### Goal of the exercise
Should an entry include a picture, omit the picture and still repeat everything else exactly.

### Records supplied
..........
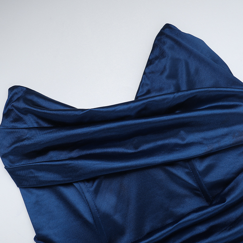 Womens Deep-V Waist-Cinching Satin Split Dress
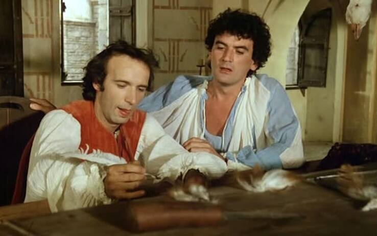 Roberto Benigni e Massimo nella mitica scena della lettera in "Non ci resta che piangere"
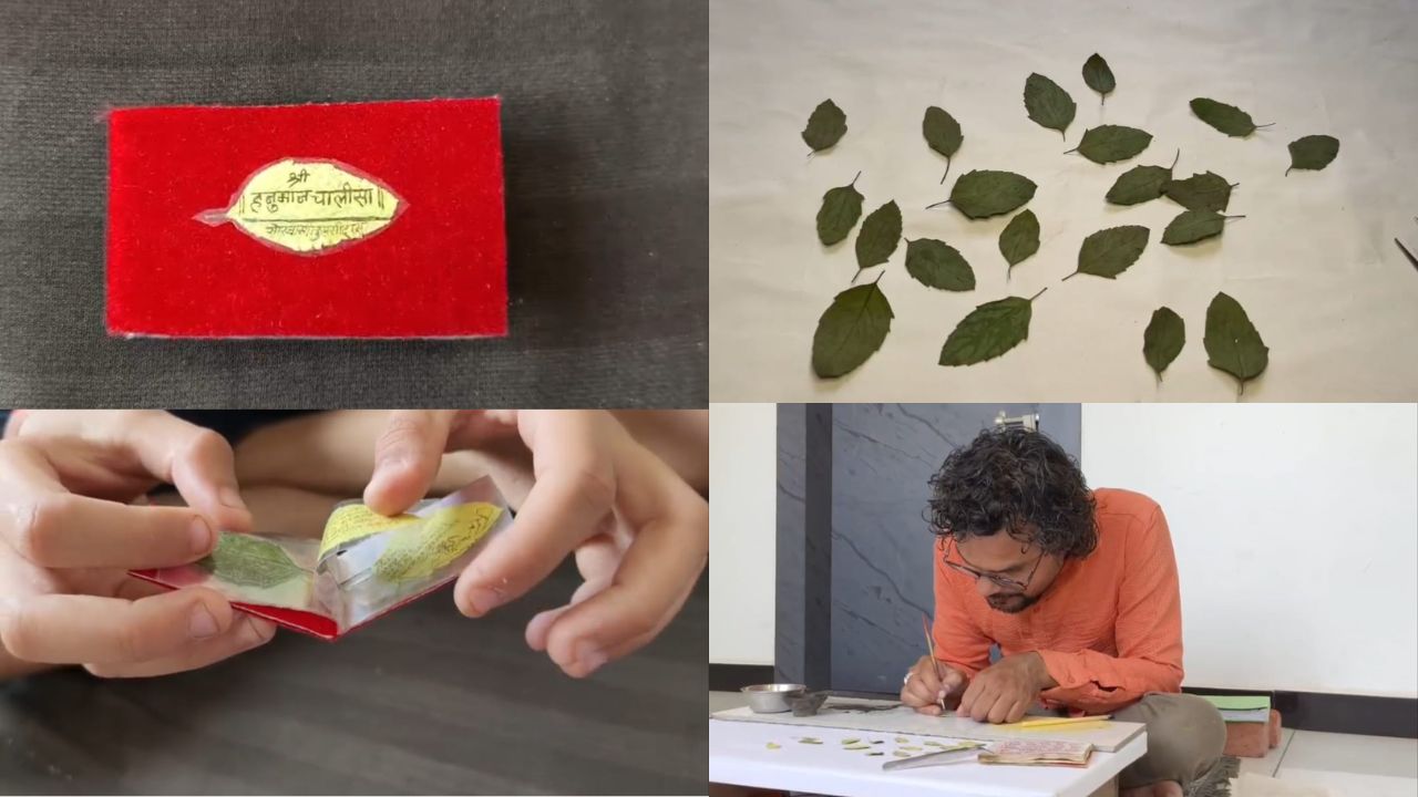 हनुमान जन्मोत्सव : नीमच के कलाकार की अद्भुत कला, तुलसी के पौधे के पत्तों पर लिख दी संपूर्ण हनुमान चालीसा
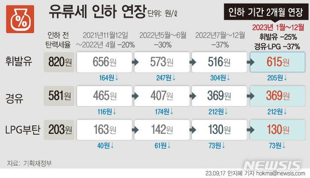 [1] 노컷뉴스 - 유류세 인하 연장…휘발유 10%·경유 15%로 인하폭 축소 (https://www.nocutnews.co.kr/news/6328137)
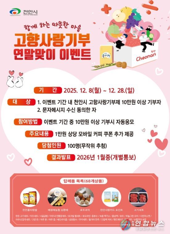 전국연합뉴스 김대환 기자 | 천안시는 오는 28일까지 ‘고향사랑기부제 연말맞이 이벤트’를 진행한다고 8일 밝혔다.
..........
### Result of the exercise
 Womens Deep-V Waist-Cinching Satin Split Dress
 Roberto Benigni e Massimo nella mitica scena della lettera in "Non ci resta che piangere"
 हनुमान जन्मोत्सव : नीमच के कलाकार की अद्भुत कला, तुलसी के पौधे के पत्तों पर लिख दी संपूर्ण हनुमान चालीसा
 [1] 노컷뉴스 - 유류세 인하 연장…휘발유 10%·경유 15%로 인하폭 축소 (https://www.nocutnews.co.kr/news/6328137)
 전국연합뉴스 김대환 기자 | 천안시는 오는 28일까지 ‘고향사랑기부제 연말맞이 이벤트’를 진행한다고 8일 밝혔다.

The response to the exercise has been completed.